§ **Excerpted records**:
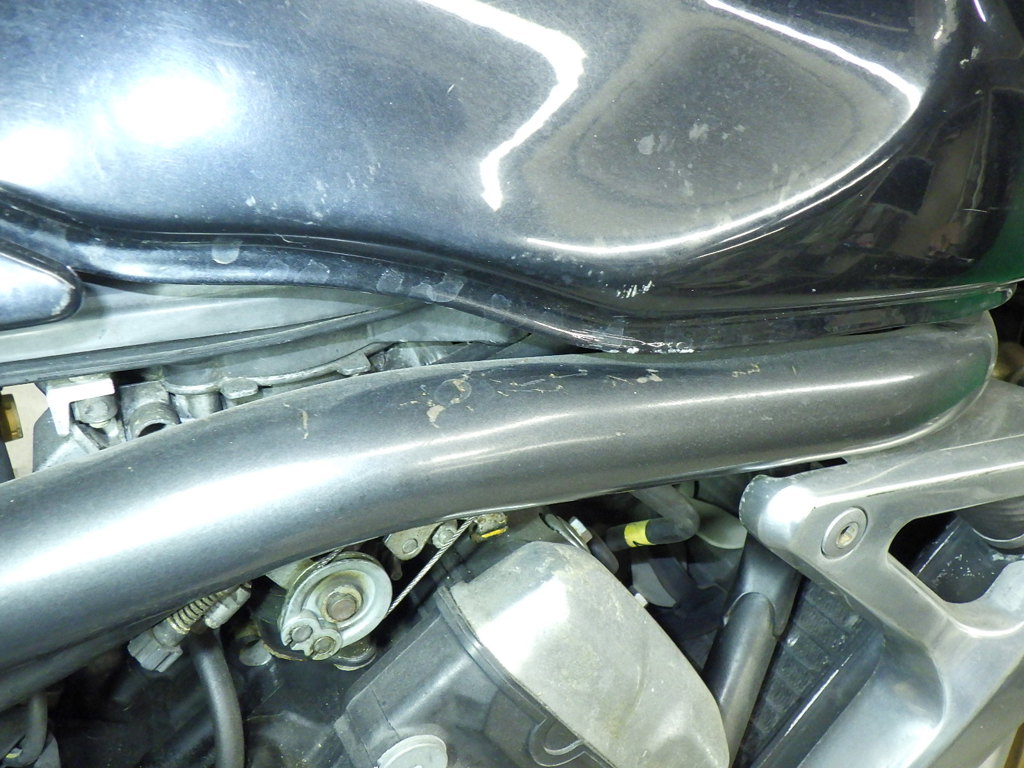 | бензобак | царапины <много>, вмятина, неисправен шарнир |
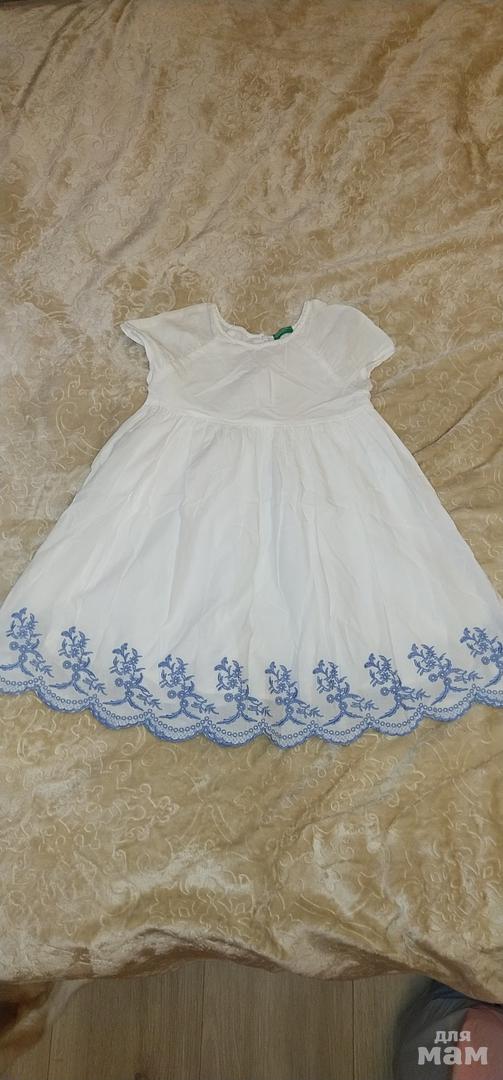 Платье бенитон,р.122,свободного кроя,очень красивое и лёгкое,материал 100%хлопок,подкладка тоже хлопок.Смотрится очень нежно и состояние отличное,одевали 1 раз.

...

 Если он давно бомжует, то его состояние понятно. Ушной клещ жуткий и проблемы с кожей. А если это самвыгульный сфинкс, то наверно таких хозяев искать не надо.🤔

§ **Work task**: Each line above that falls between the line with "неисправен шарнир |" and the line with "Платье бенитон,р.122,свободного кроя,очень" should be printed exactly, together with those two lines, but the pictures should not.

§ **Answer to the problem**:
 | бензобак | царапины <много>, вмятина, неисправен шарнир |
 Платье бенитон,р.122,свободного кроя,очень красивое и лёгкое,материал 100%хлопок,подкладка тоже хлопок.Смотрится очень нежно и состояние отличное,одевали 1 раз.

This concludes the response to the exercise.